Several years ago 'zebra mussels' found their way into the lake. They covered the rocks along the shoreline, posts on the docks, water intakes. Not many good things to say about zebra mussels except, they do filter the water and make the water noticably clearer.

Don
 
   / Stocking my little pond #19  
tbdonelly:

yes that is true about the zebra musselx, they DO surely filter the water, there was lots & lots of speculation about them when they invaded lake erie, none have paned out, mnow the dan ASIAN GOBIES are reaking havock with many of the species there. the zebra muscles made the purch fishing better though you have to go out farther, and may make th ePIKE fishing petter too. the walleye fishing declined some mostly due to the water clarity has made them go out deeper and not come up to shore so much. one side effect is that they are covering over a LOT of the polution that sets on the bottom, making large covering masses of muscel shells make the sand silt cover over the old mercury & lead posons out there... they first thought that they would eat all the food that the small fish need seems that they let the light get down farther so more zoo plancton can now grow in the light in deeper water colume and hense actually MORE zoo plancton that was prior to the zebras...

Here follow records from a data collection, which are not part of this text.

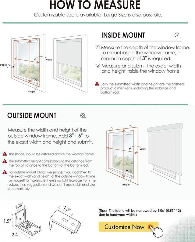 - Made-to-OrderOur smart roller window shades are customized, you will see a "Customize Now" button on the top right. Then please follow the guide to place the order. We will send an email to all customers to double confirm the size in 24 hours, please attention to the email the day after your order. And other special sizes you can contact us via message
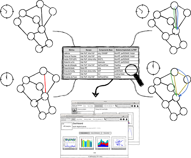 This Work Group is developing a system to analyze the data collected by the existing monitoring tools present in the IPÊ network and applying Big Data Analytics techniques to offer several relevant information to aid the operational management, traffic engineering, and network planning. The system will provide automatized correlations and categorizations, personalized user profiles based on different aspects, interactive filtering and manipulation, root-cause analysis to network events, statistics over traffic engineering efficiency and the ability to analyze the impact of changes in the network.
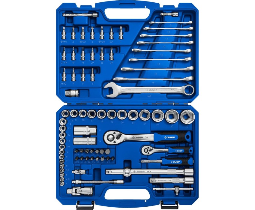 ЗУБР А-82, 82 предм.,(1/2″ + 1/4″), универсальный набор инструмента, Профессионал (27635-H82)
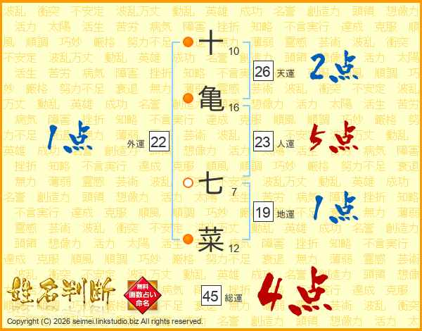 十亀七菜さんの総運は45画の4点!
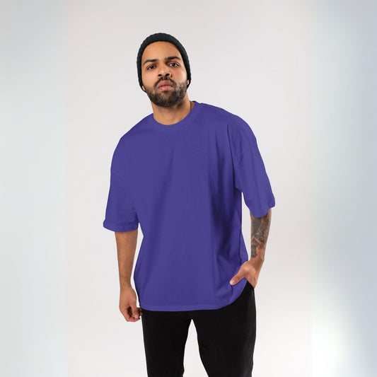 Plain/Solid : Blue Oversized T-Shirt for Men
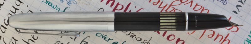 Foto di una penna Aurora. Modello: Aurora 88K. Caricamento a stantuffo. Realizzazione in celluloide nera. Versione con cappuccio cromato e testina a vite nera. Seriale 2156941.
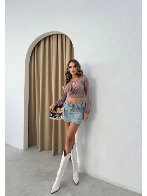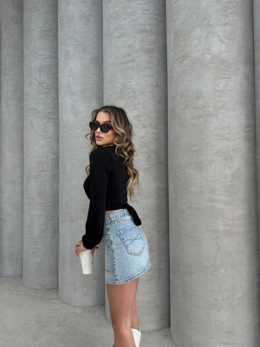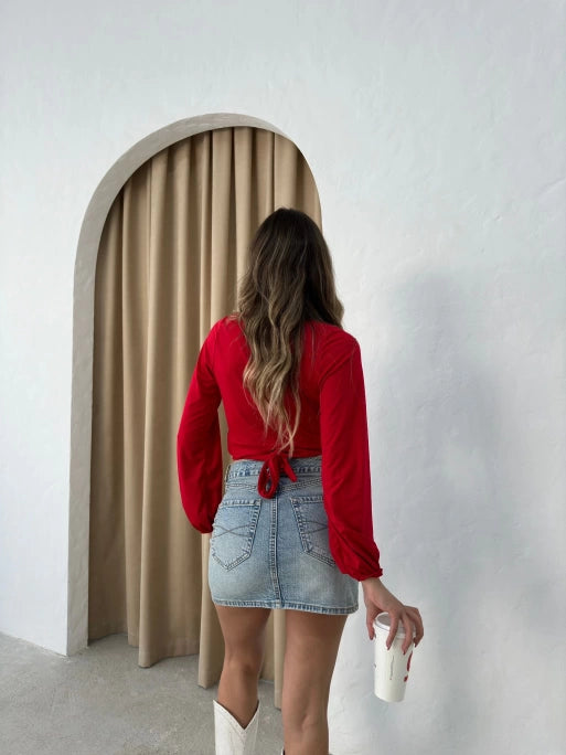 Add this blouse to your new season collection. Featuring a window detail waist tie design, we're obsessed. Team with straight leg jeans and gold accessories for brunch.
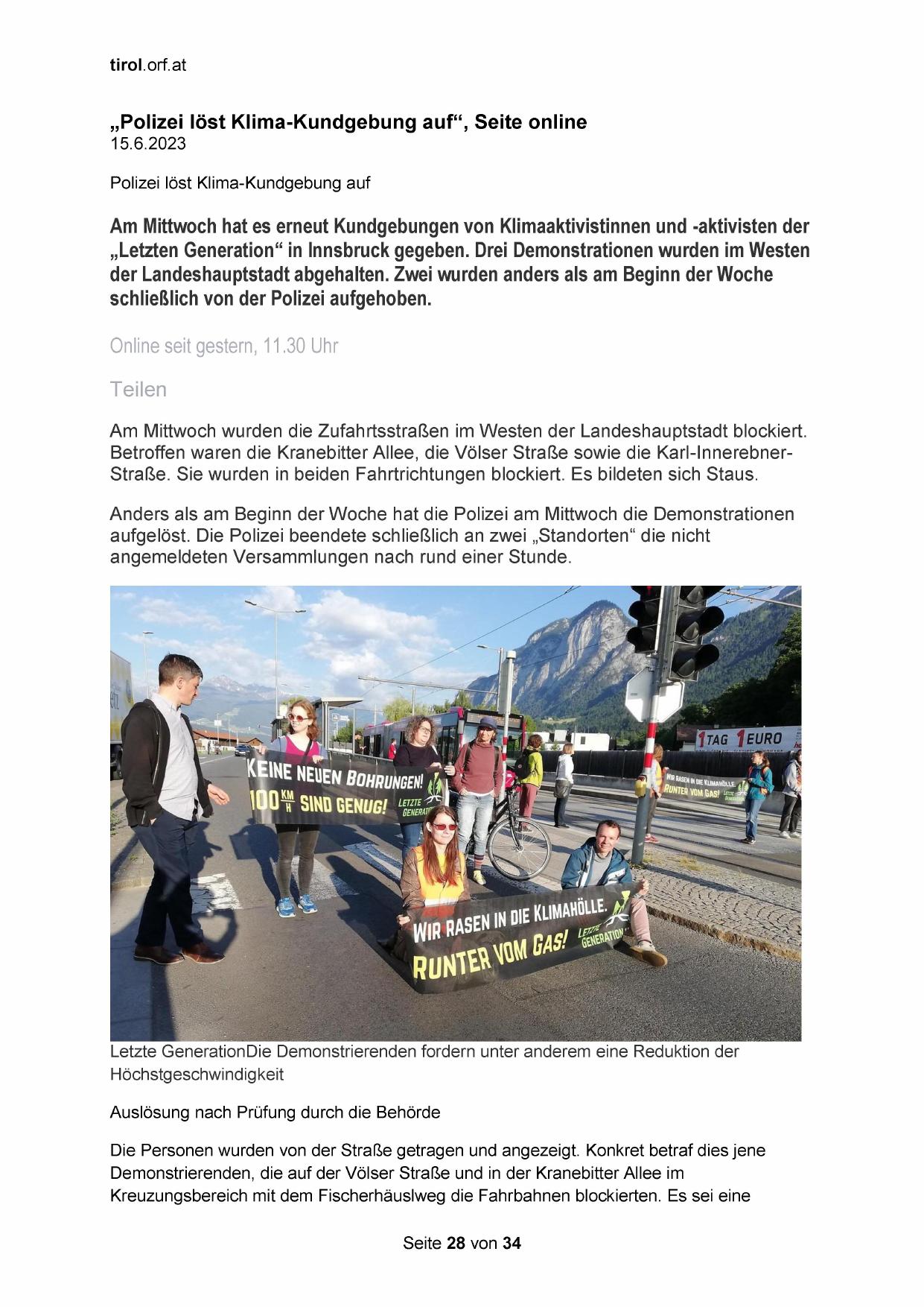 „Letzten Generation“ in Innsbruck gegeben. Drei Demonstrationen wurden im Westen
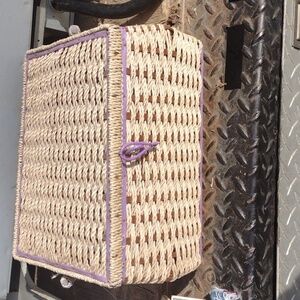 Elegant vintage woven jewelry box with a soft satin interior. Perfect for storing your treasures.interior lining is torn, with contents.Has a carry handle
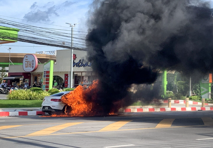 HUA HIN: Een Amerikaan beleefde een dag om nooit te vergeten toen zijn glimmende Mercedes-Benz ineens in vlammen opging. Het gebeurde gistermiddag, zo rond half vijf, op de Phetkasem Road, vlakbij een tankstation. De politie kreeg een belletje dat er een auto in de fik stond. Ze waren er samen met de brandweer snel bij, maar toch liep de schade op tot zo’n drie miljoen baht.
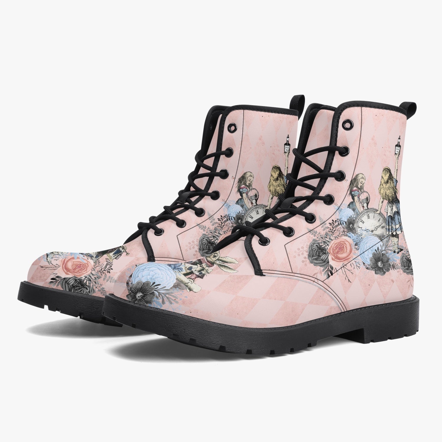 Pastel Alice in Wonderland combat boots.  Gorgeous pinks and blues for a soft pastel Alice accessory  These...
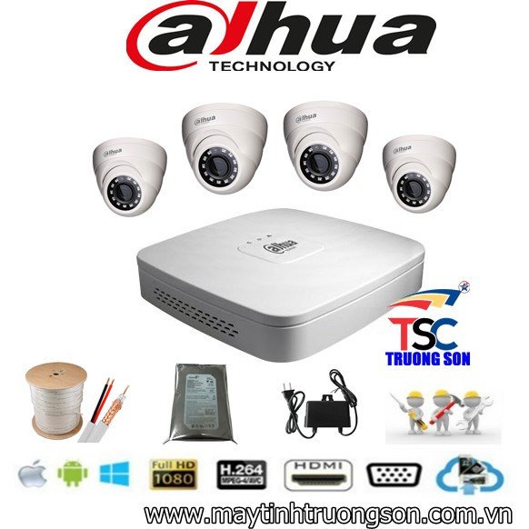 Cameras & Flycam > Camera giám sát > Camera giám sát kết nối internet || Bộ 4 mắt camera dahua 2.0 (5104hs)Còn hàng
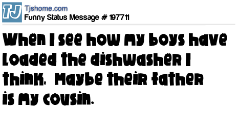 X says When I see how my boys have loaded the dishwasher I think, “Maybe their father is my cousin.”
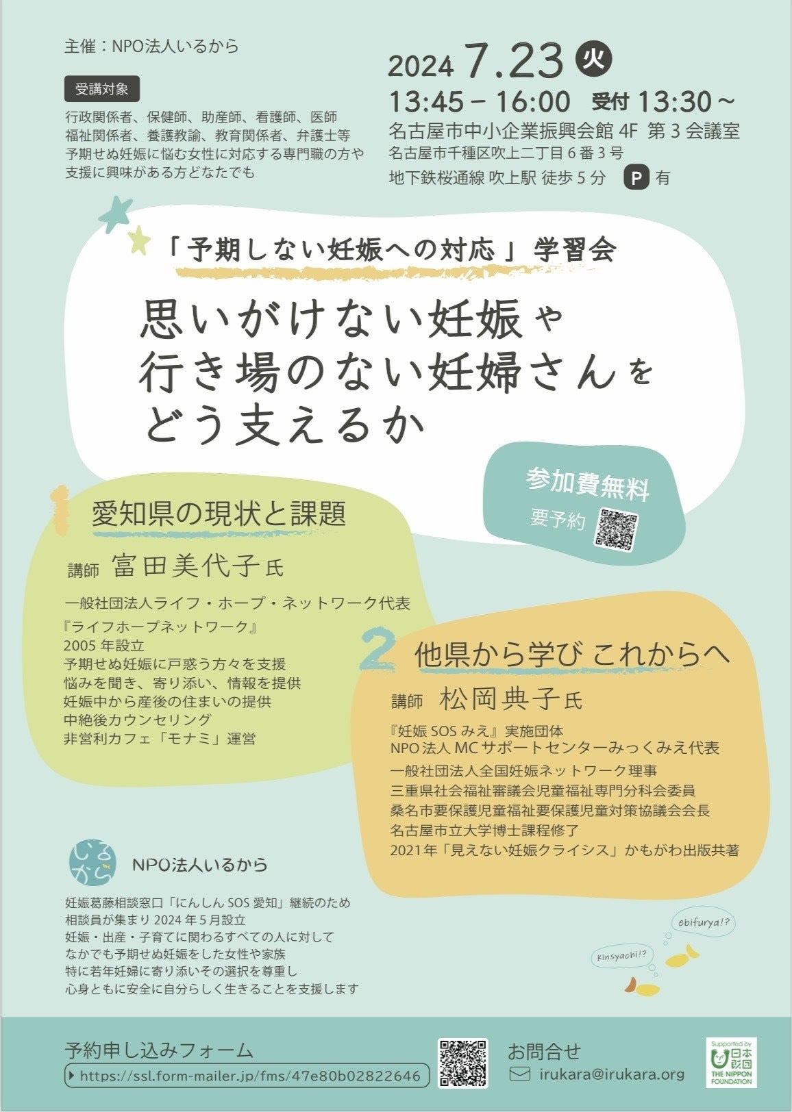 妊娠葛藤相談窓口「にんしんSOS愛知」継続のため、相談員が集まり2024年5月にNPO法人いるからを設立しました。
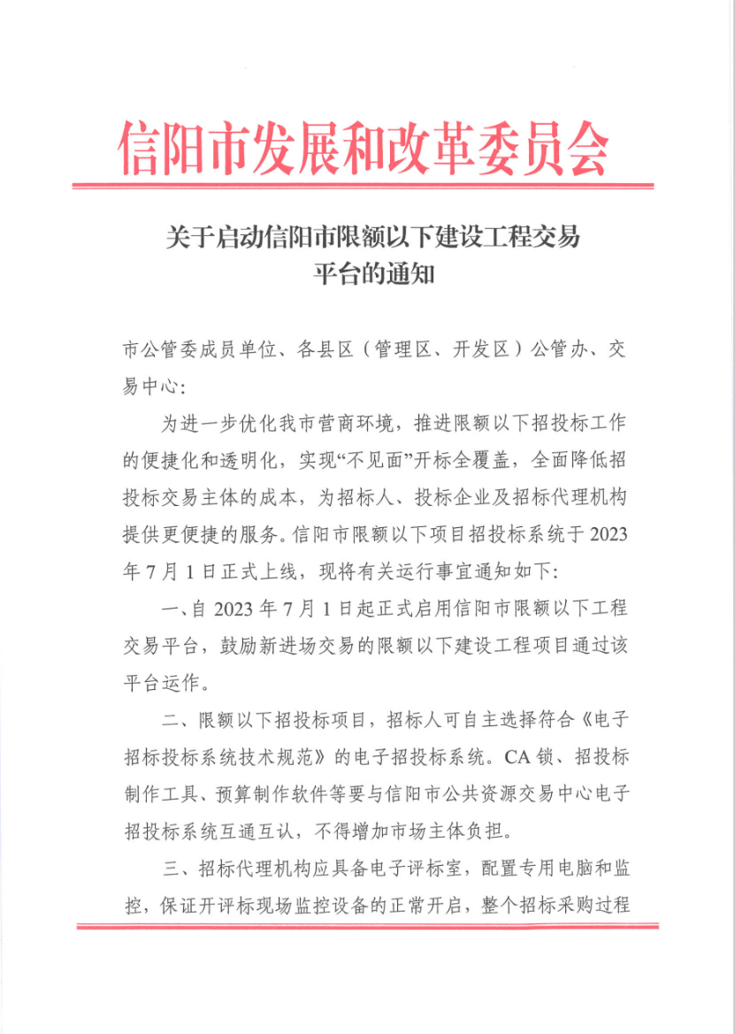 依據信陽市發(fā)展和改革委員會發(fā)布的《關于啟動信陽市限額以下建設工程交易平臺的通知》,提出要鼓勵新進場交易的限額以下建設工程項目通過平臺運作,全面降低招投標交易主體的成本,為各市場主體提供更便捷的服務,營造公開透明的營商環(huán)境。目前,平臺的運行工作已在信陽市全面鋪開。
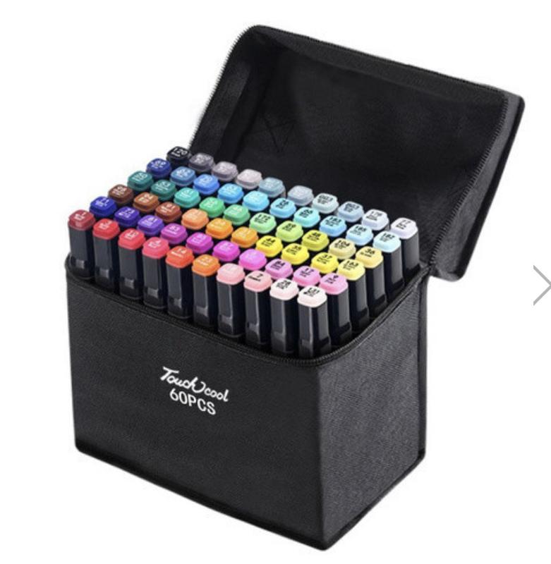 Опис Серія з чорним корпусом маркера – нова покращена формула чорнила Маркери для малювання та скетчів у чорному тканинному футлярі. Двосторонні, на спиртовій основі. У наборі 60 шт. Основна палітра оптимально підібрана для малювання всіх стилів. Скетч-маркери Touch – це найпопулярніші спиртові скетч-маркери в Україні. Є одними з найбільш популярних спиртових, двосторонніх маркерів. У наборі із 60 маркерів дизайнер знайде натхнення для реалізації свого творчого потенціалу. Маркер має 2 пера (перо "долото" і перо маркер). Чим більша кількість маркерів у наборі, тим нижча вартість одного маркера з перерахуванням на кількість. Колір маркера відображено на ковпачку, там же номер маркера. Це значно полегшує роботу при виборі необхідного кольору. Варто врахувати, що насиченість чорнила трохи більше ніж колір на ковпачку.
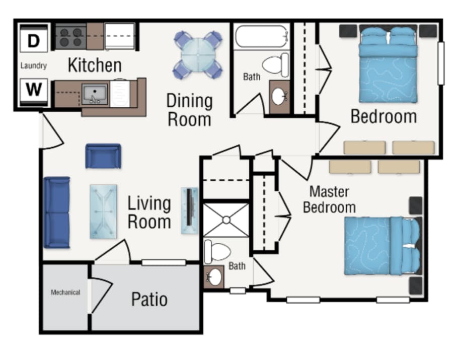 Modelo de apartamento: Two BedroomLlame para Precios2 Dormitorios, 2 Baños, 975 sq ftNo DisponiblePlanosFotos![]()

anyhow the small mouth fishing sure has gooten GOOD /forums/images/graemlins/smile.gif
/forums/images/graemlins/wink.gif

markM
 
   / Stocking my little pond #20  
Eddie, get a good stand of grass growing around your pond and you will stop most of the sediment clouding. I had problems with water washing down my road and bringing clay into my pond. I put several water bars across my road directed onto relatively flat grassed terraces. this stopped all but the worst runoff into the pond.